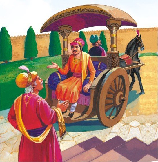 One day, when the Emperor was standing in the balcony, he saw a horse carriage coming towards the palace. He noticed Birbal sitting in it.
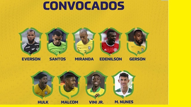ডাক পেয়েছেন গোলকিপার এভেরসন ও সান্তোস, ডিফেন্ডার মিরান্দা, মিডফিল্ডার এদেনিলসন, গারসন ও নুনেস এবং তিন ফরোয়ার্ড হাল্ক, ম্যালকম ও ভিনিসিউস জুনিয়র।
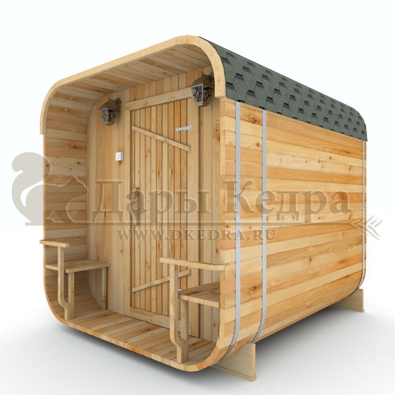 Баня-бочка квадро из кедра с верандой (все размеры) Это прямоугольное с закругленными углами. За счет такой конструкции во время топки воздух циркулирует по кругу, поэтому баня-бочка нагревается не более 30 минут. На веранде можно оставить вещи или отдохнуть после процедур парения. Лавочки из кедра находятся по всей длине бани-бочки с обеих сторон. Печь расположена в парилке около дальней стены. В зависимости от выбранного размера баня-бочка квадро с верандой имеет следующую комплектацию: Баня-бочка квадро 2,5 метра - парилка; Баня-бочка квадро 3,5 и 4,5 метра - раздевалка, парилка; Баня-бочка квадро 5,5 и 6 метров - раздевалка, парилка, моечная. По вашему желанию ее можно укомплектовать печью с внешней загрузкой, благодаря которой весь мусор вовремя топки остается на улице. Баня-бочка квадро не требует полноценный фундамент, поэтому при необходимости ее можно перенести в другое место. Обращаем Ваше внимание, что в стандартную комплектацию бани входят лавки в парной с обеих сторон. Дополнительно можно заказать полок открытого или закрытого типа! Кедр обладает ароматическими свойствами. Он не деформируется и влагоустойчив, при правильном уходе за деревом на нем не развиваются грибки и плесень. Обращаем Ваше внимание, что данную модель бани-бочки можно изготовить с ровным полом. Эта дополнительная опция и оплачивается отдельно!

-=-=-=-=-

### What you are asked to do:
Write out, exactly and only, the lines from the one containing "ডাক পেয়েছেন গোলকিপার" through the last line of the material above. Pictures do not go in the copy.

### Written reply:
ডাক পেয়েছেন গোলকিপার এভেরসন ও সান্তোস, ডিফেন্ডার মিরান্দা, মিডফিল্ডার এদেনিলসন, গারসন ও নুনেস এবং তিন ফরোয়ার্ড হাল্ক, ম্যালকম ও ভিনিসিউস জুনিয়র।
 Баня-бочка квадро из кедра с верандой (все размеры) Это прямоугольное с закругленными углами. За счет такой конструкции во время топки воздух циркулирует по кругу, поэтому баня-бочка нагревается не более 30 минут. На веранде можно оставить вещи или отдохнуть после процедур парения. Лавочки из кедра находятся по всей длине бани-бочки с обеих сторон. Печь расположена в парилке около дальней стены. В зависимости от выбранного размера баня-бочка квадро с верандой имеет следующую комплектацию: Баня-бочка квадро 2,5 метра - парилка; Баня-бочка квадро 3,5 и 4,5 метра - раздевалка, парилка; Баня-бочка квадро 5,5 и 6 метров - раздевалка, парилка, моечная. По вашему желанию ее можно укомплектовать печью с внешней загрузкой, благодаря которой весь мусор вовремя топки остается на улице. Баня-бочка квадро не требует полноценный фундамент, поэтому при необходимости ее можно перенести в другое место. Обращаем Ваше внимание, что в стандартную комплектацию бани входят лавки в парной с обеих сторон. Дополнительно можно заказать полок открытого или закрытого типа! Кедр обладает ароматическими свойствами. Он не деформируется и влагоустойчив, при правильном уходе за деревом на нем не развиваются грибки и плесень. Обращаем Ваше внимание, что данную модель бани-бочки можно изготовить с ровным полом. Эта дополнительная опция и оплачивается отдельно!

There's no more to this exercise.